• **Supplied records**:
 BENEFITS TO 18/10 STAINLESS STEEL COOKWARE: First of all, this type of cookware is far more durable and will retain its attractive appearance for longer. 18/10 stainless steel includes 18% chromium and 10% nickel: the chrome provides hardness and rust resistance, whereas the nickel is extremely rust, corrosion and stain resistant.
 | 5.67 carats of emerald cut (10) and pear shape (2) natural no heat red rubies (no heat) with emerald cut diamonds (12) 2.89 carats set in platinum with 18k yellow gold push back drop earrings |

--

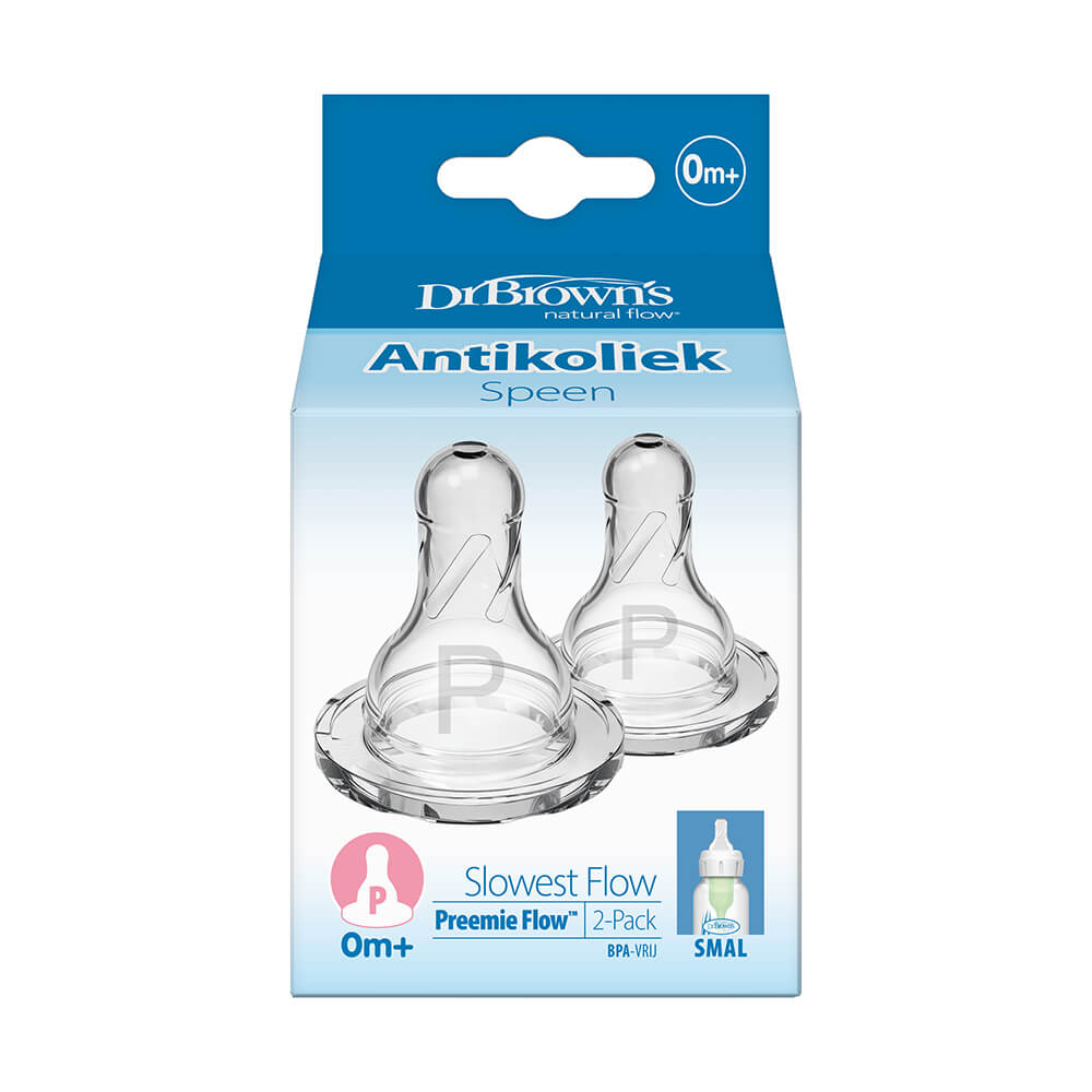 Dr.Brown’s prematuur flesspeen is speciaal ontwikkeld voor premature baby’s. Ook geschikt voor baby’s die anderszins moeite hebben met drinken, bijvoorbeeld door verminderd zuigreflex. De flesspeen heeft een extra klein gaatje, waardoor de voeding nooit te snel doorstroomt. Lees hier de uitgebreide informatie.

• **Directions for this task**: Search the listing above for the lines with "BENEFITS TO 18/10" and "drop earrings |", then output those lines and all lines between them exactly.

• **Reply**:
 BENEFITS TO 18/10 STAINLESS STEEL COOKWARE: First of all, this type of cookware is far more durable and will retain its attractive appearance for longer. 18/10 stainless steel includes 18% chromium and 10% nickel: the chrome provides hardness and rust resistance, whereas the nickel is extremely rust, corrosion and stain resistant.
 | 5.67 carats of emerald cut (10) and pear shape (2) natural no heat red rubies (no heat) with emerald cut diamonds (12) 2.89 carats set in platinum with 18k yellow gold push back drop earrings |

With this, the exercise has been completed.